Application-level monitoring cannot reliably detect these behaviors because the agent controls its own logs.


2. Why eBPF

2.1 Kernel-Level Visibility

eBPF (extended Berkeley Packet Filter) allows attaching programs directly to kernel tracepoints and kprobes. This provides several properties critical for agent monitoring:

Non-evasible: The agent cannot disable, modify, or detect the tracer. eBPF programs run in kernel space. The monitored process has no mechanism to interfere with them.

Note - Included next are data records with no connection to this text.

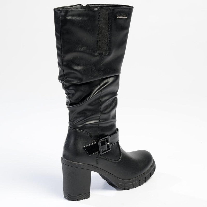 Pierre Cardin Block Heel Side Buckle Boot - Black-Pierre Cardin-Buy shoes online
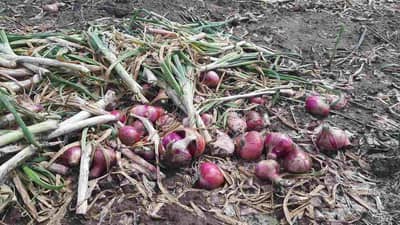 दुष्काळात तेरावा : एकीकडे कांद्याची आवक वाढत असल्याने बाजारपेठेतील दर घसरु लागले आहेत. तर दुसरीकडे एका रात्रीतून शेत शिवारचे चित्रच बदलत आहे. हवामान विभागाच्या अंदाजानुसार झालेल्या पावसामुळे कांद्याचे नुकसान झाले आहे. काढणीच्या प्रसंगीच शेतामध्ये पाणी साचल्याने कांदा नासण्याची भीती व्यक्त होत आहे.
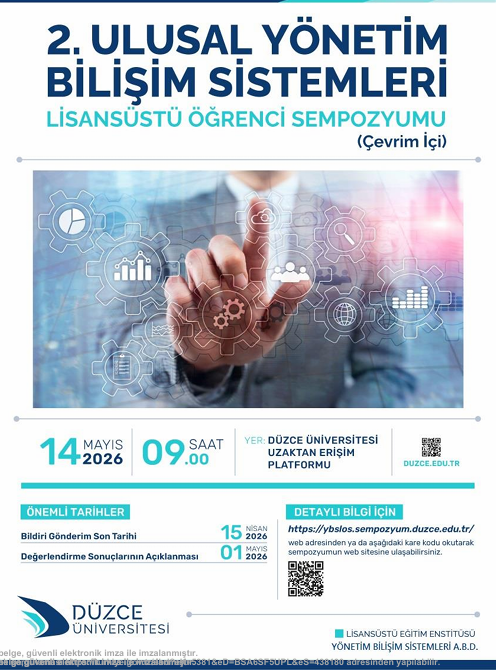 Düzce Üniversitesi ev sahipliğinde Lisansüstü Eğitim Enstitüsü Yönetim Bilişim Sistemleri Anabilim Dalı tarafından düzenlenecek olan “2.Ulusal Yönetim Bilişim Sistemleri Lisansüstü Öğrenci Sempozyumu” 14 Mayıs 2026 Perşembe günü gerçekleştirilecektir.
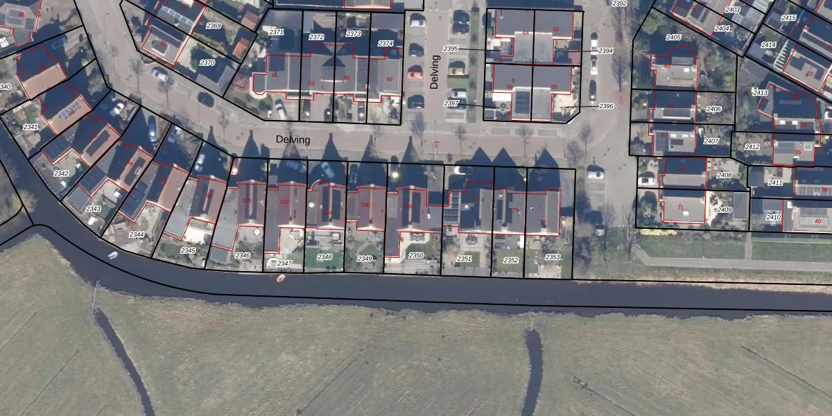 Het perceel waarop Delving 108 staat heeft een oppervlakte van 368 m². Dit is een groot perceel. De perceeloppervlakte wordt geregistreerd door het Kadaster. Gedetailleerde informatie over de maten van dit perceel kunt u vinden in het rapport Kadastrale kaart met maatvoering van Delving 108.
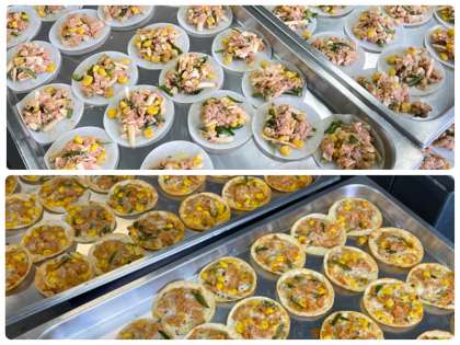 給食の変わりピザは、ぎょうざの皮にツナ、コーン、ピーマン、ピザソース、チーズを混ぜ合わせた具をのせ、やきもの機で焼いてます。
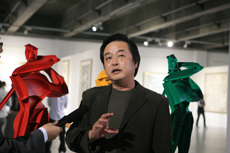 我觉得亮点就是我所采用的板式结构雕塑这一新形式,这可以说是对雕塑形式一种新的探讨。我曾经尝试用这种形式做过动物雕塑,也研究过用这种形式表现人物题材,而这次算是进一步的研究。现在我在人物上尝试体现这种形式,同时也把中国书法的线运用到其中,正好把板子立起来。
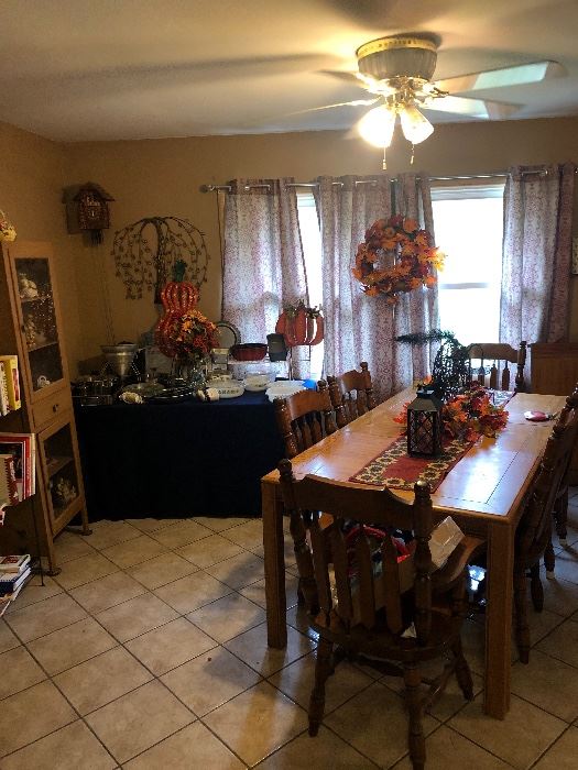 Table and chairs, bar server, in tables, curio cabinet, china cabinet, TV stand, dresser, wing back chairs, Headboard, office chair, antique trunk, cedar chest, brothers sewing machine, pictures, kitchen wares, dishes, pots and pans, toaster oven’s, ninja coffee pot, ninja chopper, microwave, fall Decour, Christmas deco, quilts, linens , patio set, craftsman push mower, Tools, yard tools,, outdoor bench,, Tonka toys, fishing poles, tackle boxes, tiller, much much more
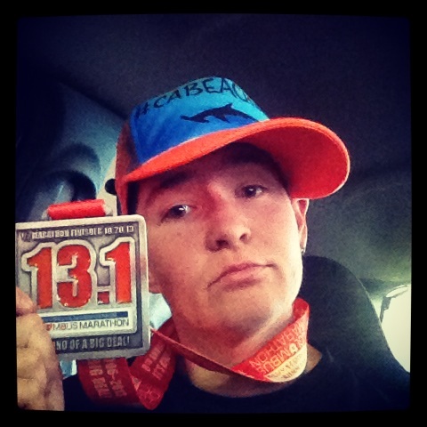 So now I have started a collection of photos of me in different places in this ridiculous head topper. So naturally the first thing I did when I finished the half marathon on Sunday (in personal record time) was put "the hat" on. Also, this is not a hat you can wear and not make the douchiest face possible.
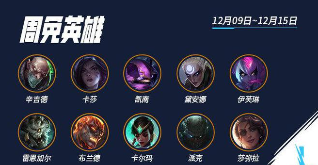 本次限免的時間為12月09日-12月15日,辛吉德、卡莎、凱南、黛安娜、伊芙琳、雷恩加爾、布蘭德、卡爾瑪、派克、莎彌拉等英雄加入周免。
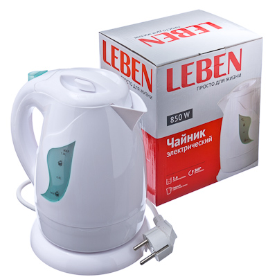 LEBEN Электрочайник скрытый нагр. элемент, пластик 1,0л. 850W

Zero runtime dependencies: Azazel compiles to a single static Go binary. No agents, no daemons, no libraries to install inside the container.

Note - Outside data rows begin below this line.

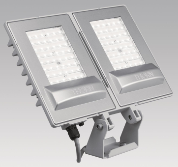 Ein einfaches, ultra leichtes Midi-LED-Allzweckflutlicht, mit asymmetrischer Optik. Inklusive: nicht dimmbares Betriebsgerät. Schutzklasse I, IP66, Schlagfestigkeit: IK07. Gehäuse: AluminiumDruckguss, pulverbeschichtet in THORN HELLGRAU, strukturiert (ähnlich RAL 9006 / AKZO 150). Bügel: Aluminium. Blende: Polycarbonat (PC), außen pulverbeschichtet, pulverbeschichtet in THORN HELLGRAU, strukturiert (ähnlich RAL 9006 / AKZO 150). Vorverdrahtet mit 60-cm-Kabel. Bügelbefestigung an einem M-10 und/oder zwei M8-Besfetigungspunkten. Bügel ist wendbar für verschiedene Montagepositionen. Inklusive LED-Modul mit 3000K Abmessungen: 368 x 236 x 48 mm Leuchten Leistung: 90 W Leuchten Lichtstrom: 8600 lm Leuchten Lichtausbeute: 96 lm/W Gewicht: 3 kg
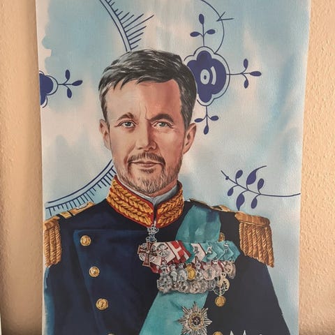 Absolut fin tyk plakat fra dagen vi får en ny konge. Hentede ned af lygtepæl. Derfor er der huller for oven og for neden. Dermed bevis på at det er på dagen❤️🇩🇰
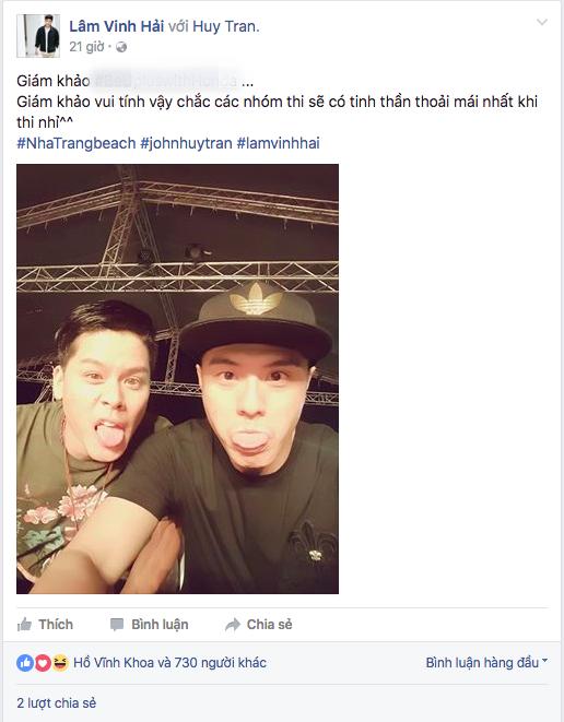 Mới đây, trên trang cá nhân của mình biên đạo múa Jonh Huy Trần chia sẻ một bức ảnh chụp chung với Lâm Vinh Hải kèm theo dòng trạng thái: “Cuối cùng chúng tôi cũng tìm được chính mình” khiến cho người hâm mộ hoài nghi về quan hệ tình cảm của cặp đôi này.
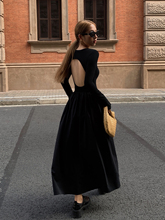 NEVA HU黑色露背长袖针织连衣裙女设计感小众2022秋冬款法式长裙¥158
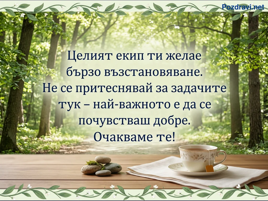 Ключови фрази: Пожелание за бързо оздравяване, Картичка от екип, Съобщение за възстановяване, Релаксираща горска обстановка, Чаша чай и камъни
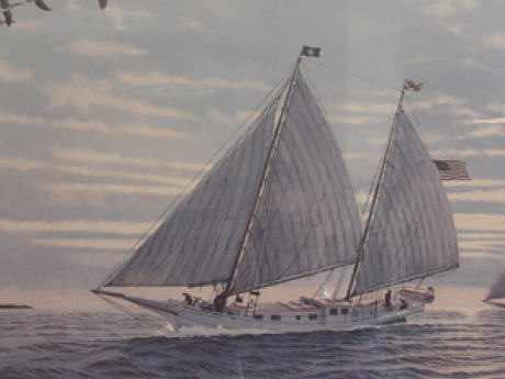 A limited edition lithograph by John Poague MacLeod hangs above the fireplace in the Northport Library. The lithograph was a gift to Library from the McKays.
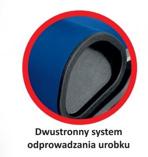 - Dwustronny system odprowadzania urobku daje wszechstronność stosowania, a precyzyjna regulacja głębokości strugana pozwala na dokładne wykonanie elementu
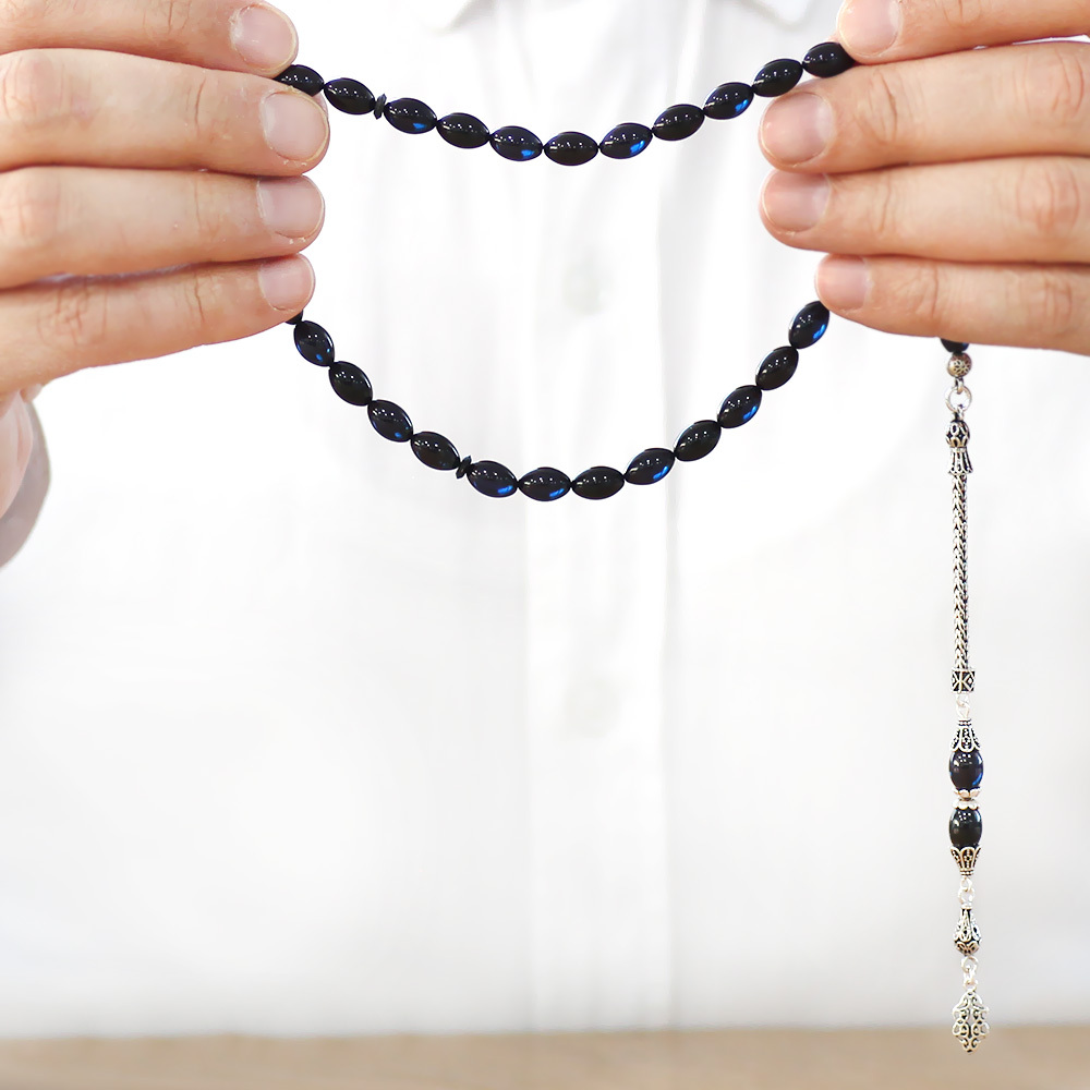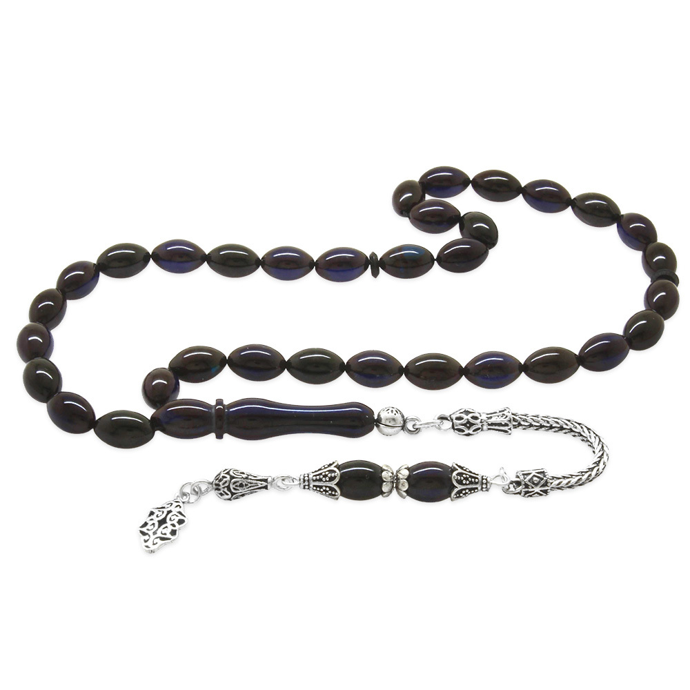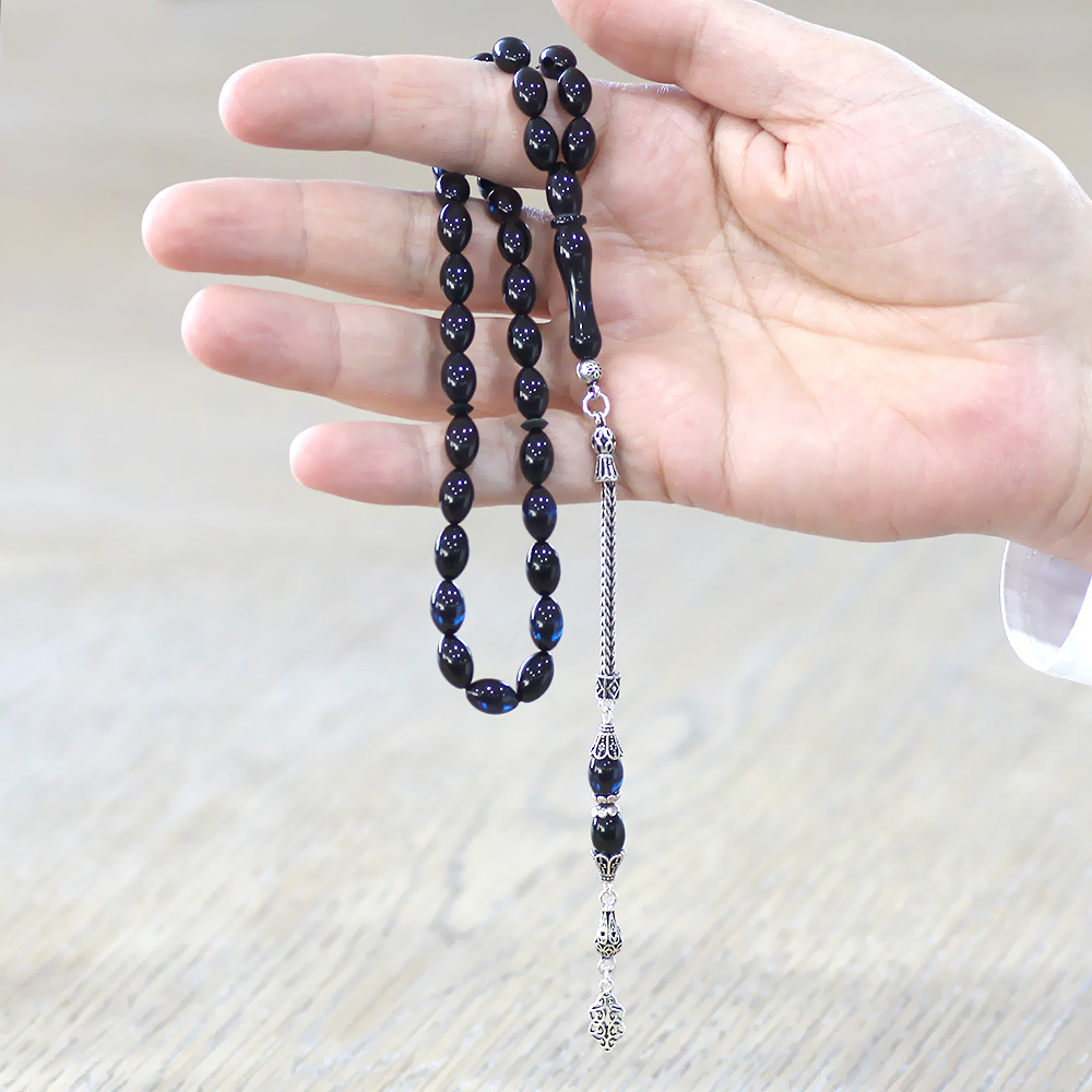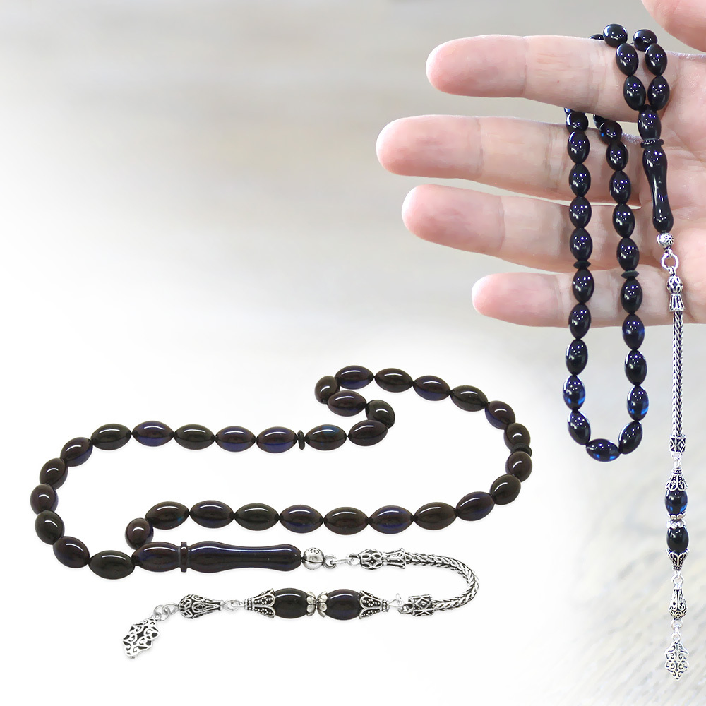 925 Ayar Gümüş Püsküllü Arpa Kesim Mavi Siyah Sıkma Kehribar Tesbih

Negligible overhead: eBPF programs execute in a sandboxed VM with bounded execution time. The performance impact on the traced container is minimal.

Container-aware: Cgroup-based filtering allows tracing a specific container without capturing noise from the host or other containers.

CO-RE (Compile Once, Run Everywhere): Using BTF and vmlinux.h, the compiled eBPF programs work across kernel versions without recompilation.

2.2 What Azazel Captures

alt text

Azazel attaches 19 hook points across four categories:

Category Events Details
Process process_exec, process_exit, process_clone Full process tree: filename, argv, exit codes, clone flags, parent PID
File file_open, file_write, file_read, file_unlink, file_rename Pathnames, flags, byte counts
Network net_connect, net_bind, net_listen, net_accept, net_sendto, net_dns IPv4/IPv6 addresses, ports, DNS detection via kprobe on udp_sendmsg
Security mmap_exec, ptrace, module_load W+X memory mappings, process injection attempts, kernel module loading

Every event includes: timestamp, PID, TGID, PPID, UID, GID, comm, cgroup ID, and container ID. This provides full attribution of every action to a specific process within a specific container.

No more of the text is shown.